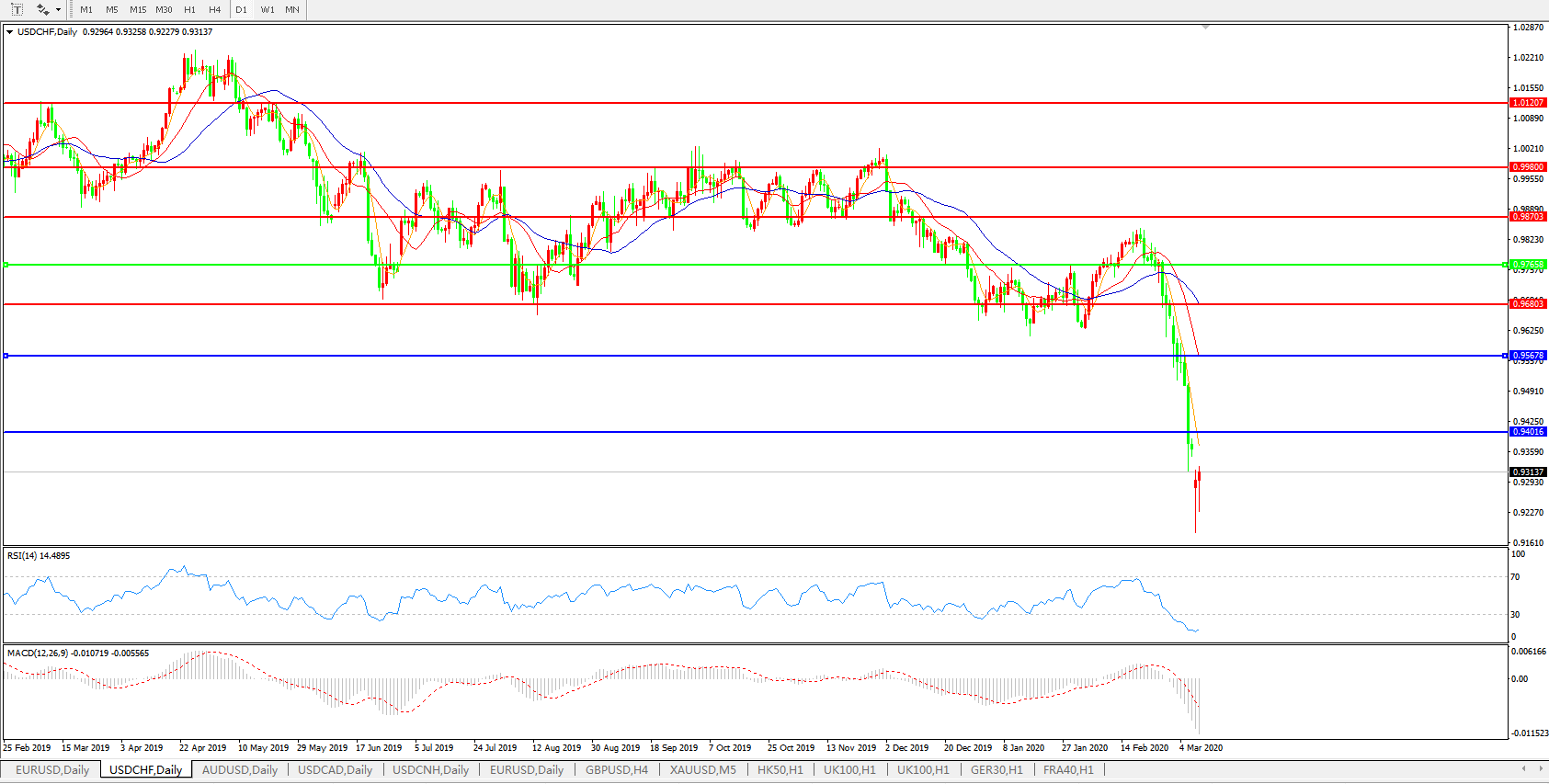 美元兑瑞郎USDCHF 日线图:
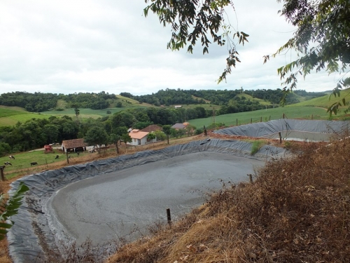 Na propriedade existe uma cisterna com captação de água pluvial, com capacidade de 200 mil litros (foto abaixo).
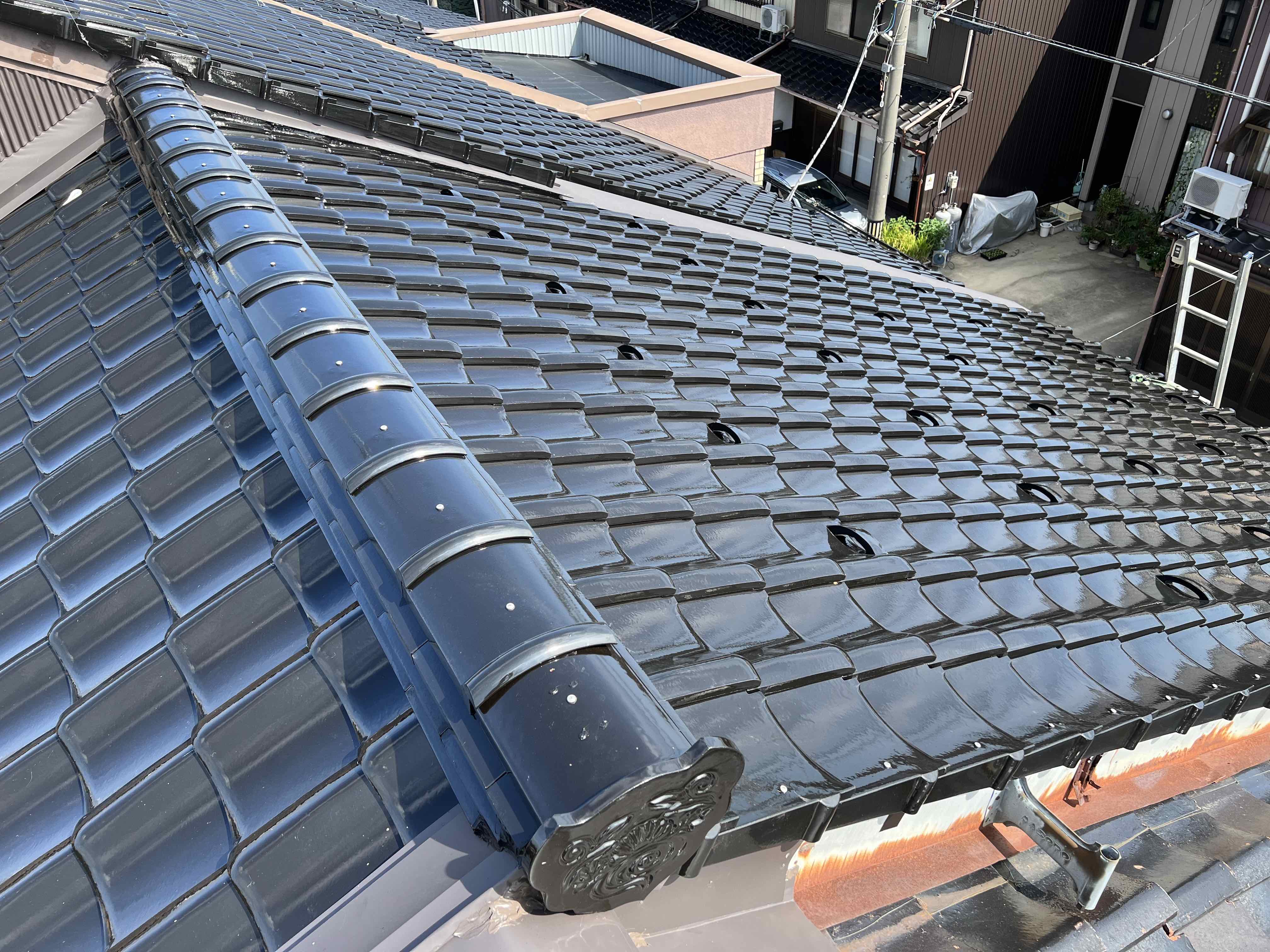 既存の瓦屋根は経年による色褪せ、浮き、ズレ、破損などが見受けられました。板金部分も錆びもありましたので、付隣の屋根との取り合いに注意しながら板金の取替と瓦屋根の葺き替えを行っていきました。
#####
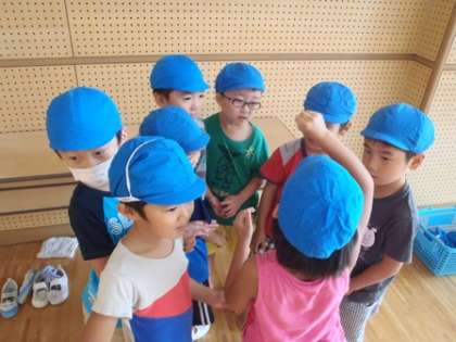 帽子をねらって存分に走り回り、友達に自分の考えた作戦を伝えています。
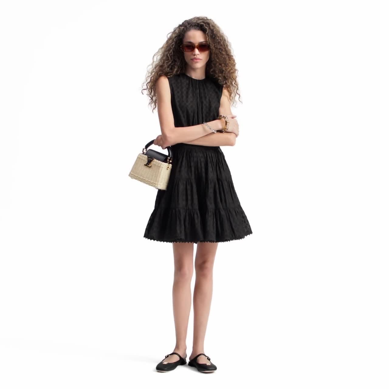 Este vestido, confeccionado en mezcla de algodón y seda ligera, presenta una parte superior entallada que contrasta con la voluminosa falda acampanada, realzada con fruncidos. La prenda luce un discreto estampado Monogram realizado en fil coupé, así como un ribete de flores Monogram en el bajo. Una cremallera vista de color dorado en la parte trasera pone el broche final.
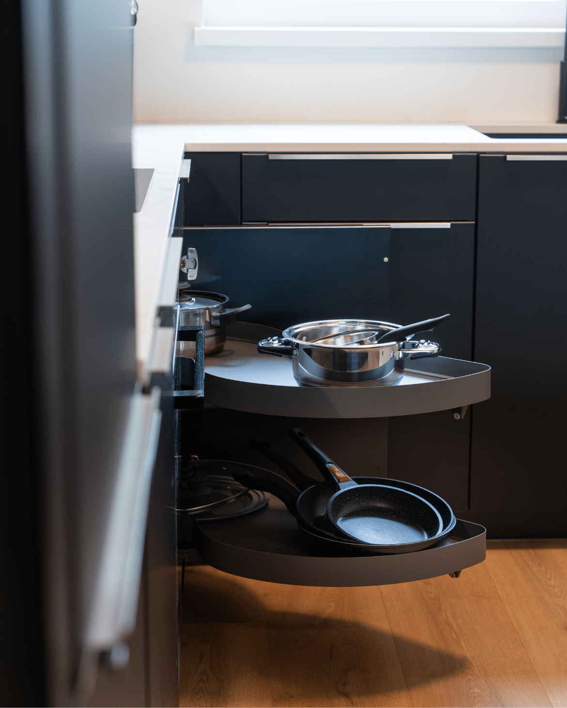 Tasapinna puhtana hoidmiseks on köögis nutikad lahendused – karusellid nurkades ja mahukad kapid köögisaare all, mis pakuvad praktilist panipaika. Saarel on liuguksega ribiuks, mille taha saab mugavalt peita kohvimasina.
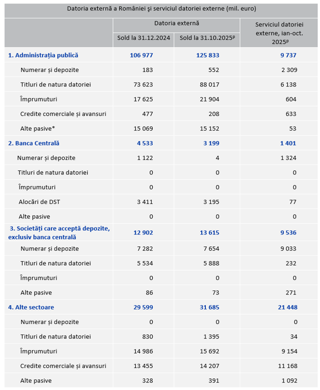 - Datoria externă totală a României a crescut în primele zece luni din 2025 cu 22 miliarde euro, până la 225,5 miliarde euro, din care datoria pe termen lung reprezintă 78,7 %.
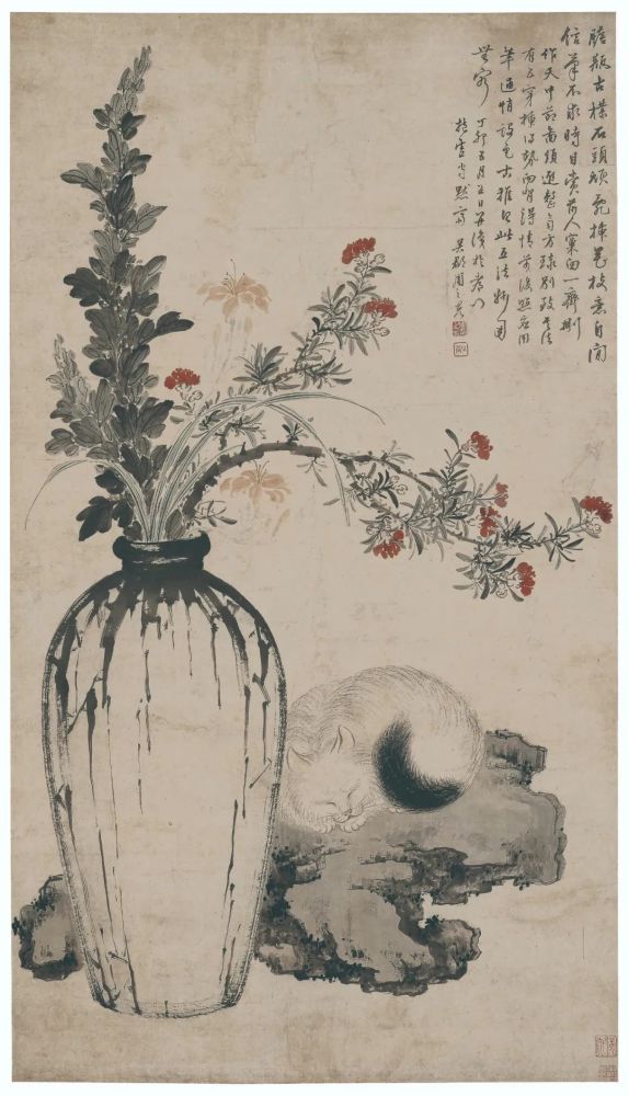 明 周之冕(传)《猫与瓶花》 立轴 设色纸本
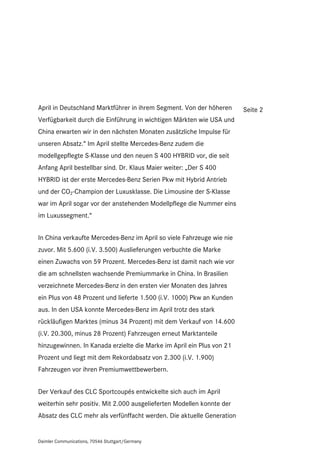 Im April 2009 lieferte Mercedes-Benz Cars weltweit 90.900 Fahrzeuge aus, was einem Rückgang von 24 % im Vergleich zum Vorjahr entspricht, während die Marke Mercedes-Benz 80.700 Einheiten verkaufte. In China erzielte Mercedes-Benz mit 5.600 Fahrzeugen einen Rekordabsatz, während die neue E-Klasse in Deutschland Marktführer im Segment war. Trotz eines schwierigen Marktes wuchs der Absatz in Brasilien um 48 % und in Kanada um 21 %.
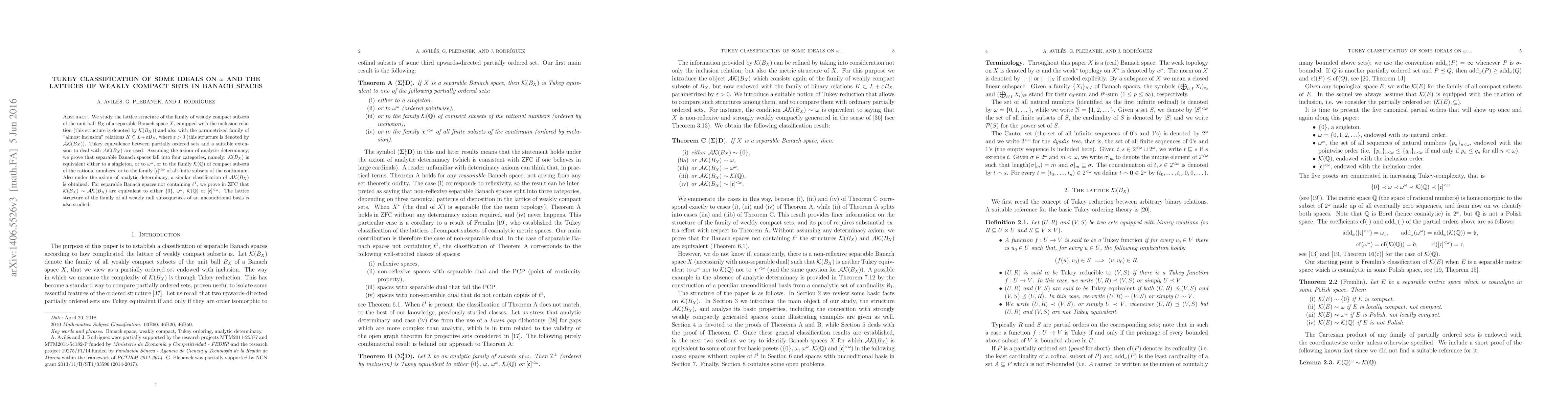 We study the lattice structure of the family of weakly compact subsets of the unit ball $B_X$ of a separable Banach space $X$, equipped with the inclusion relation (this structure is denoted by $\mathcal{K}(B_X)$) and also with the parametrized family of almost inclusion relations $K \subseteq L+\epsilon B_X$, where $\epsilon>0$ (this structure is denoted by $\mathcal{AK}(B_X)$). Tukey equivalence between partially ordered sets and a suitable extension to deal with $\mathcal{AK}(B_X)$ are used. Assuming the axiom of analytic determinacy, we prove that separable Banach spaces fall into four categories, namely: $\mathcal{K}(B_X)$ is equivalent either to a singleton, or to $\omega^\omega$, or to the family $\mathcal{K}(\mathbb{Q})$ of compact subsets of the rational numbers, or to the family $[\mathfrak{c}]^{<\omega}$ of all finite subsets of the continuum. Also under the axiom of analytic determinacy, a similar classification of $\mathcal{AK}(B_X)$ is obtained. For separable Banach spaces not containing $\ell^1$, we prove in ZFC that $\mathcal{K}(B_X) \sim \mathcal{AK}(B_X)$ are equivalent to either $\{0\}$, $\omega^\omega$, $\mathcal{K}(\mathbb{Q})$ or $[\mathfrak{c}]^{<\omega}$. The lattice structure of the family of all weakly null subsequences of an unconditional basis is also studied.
#####
■ **ABOUT THIS TASK**
From the records above, return exactly the lines running from the one that contains "明 周之冕(传)《猫与瓶花》 立轴 设色纸本" down to the one that contains "Im April 2009", both included, without any pictures.

■ **TASK RESPONSE**
 明 周之冕(传)《猫与瓶花》 立轴 设色纸本
 Im April 2009 lieferte Mercedes-Benz Cars weltweit 90.900 Fahrzeuge aus, was einem Rückgang von 24 % im Vergleich zum Vorjahr entspricht, während die Marke Mercedes-Benz 80.700 Einheiten verkaufte. In China erzielte Mercedes-Benz mit 5.600 Fahrzeugen einen Rekordabsatz, während die neue E-Klasse in Deutschland Marktführer im Segment war. Trotz eines schwierigen Marktes wuchs der Absatz in Brasilien um 48 % und in Kanada um 21 %.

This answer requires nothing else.